- _INFORMATION SUPPLIED_:
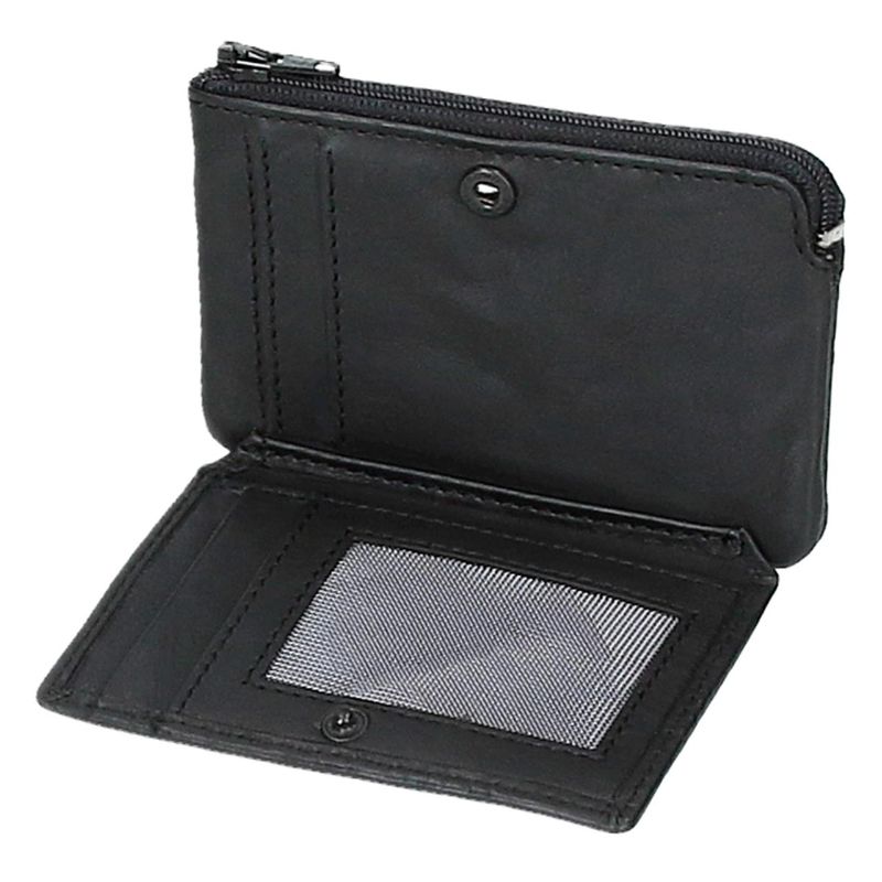 • Possui um compartimento com fecho-éclair para moedas e outro compartimento com fecho de clique com quatro ranhuras para cartões e uma para cartão de identificação.
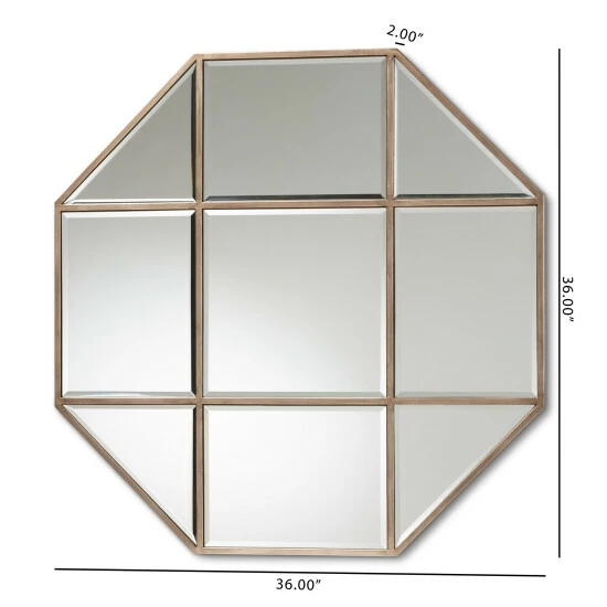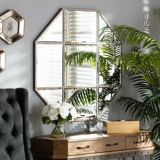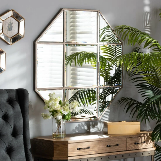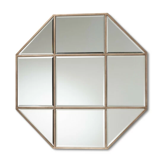 Elevate any space with the contemporary charm of the stunning Enora mirror. Made in China, the Enora features different sized mirrors embedded into a light antique bronze finished metal frame, creating a unique geometric appearance. Its crisp octagon shape lends an ultra modern feel, while the beveled edges on the mirrors provide a refined look. The mirror will arrive fully assembled and is wall mountable. Its large size is ideal for adding depth to any room, making the Enora mirror a prime way to modernize any space…
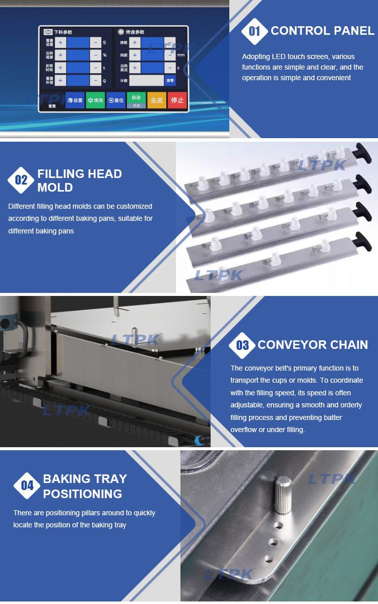 Cupcake filling machines are a widely used piece of professional food processing equipment in bakeries and food processing plants. Their core function is to dispense cake batter into paper cups or molds in fixed doses.The filling machine is equipped with an integrated industrial control touch screen that integrates touch sensing and intelligent control systems. It can accurately identify touch positions and operating instructions, enabling convenient and accurate equipment control.

- _PROBLEM STATEMENT_:
Reproduce the data above line for line, excluding every picture.

- _ANSWER BOX_:
 • Possui um compartimento com fecho-éclair para moedas e outro compartimento com fecho de clique com quatro ranhuras para cartões e uma para cartão de identificação.
 Elevate any space with the contemporary charm of the stunning Enora mirror. Made in China, the Enora features different sized mirrors embedded into a light antique bronze finished metal frame, creating a unique geometric appearance. Its crisp octagon shape lends an ultra modern feel, while the beveled edges on the mirrors provide a refined look. The mirror will arrive fully assembled and is wall mountable. Its large size is ideal for adding depth to any room, making the Enora mirror a prime way to modernize any space…
 Cupcake filling machines are a widely used piece of professional food processing equipment in bakeries and food processing plants. Their core function is to dispense cake batter into paper cups or molds in fixed doses.The filling machine is equipped with an integrated industrial control touch screen that integrates touch sensing and intelligent control systems. It can accurately identify touch positions and operating instructions, enabling convenient and accurate equipment control.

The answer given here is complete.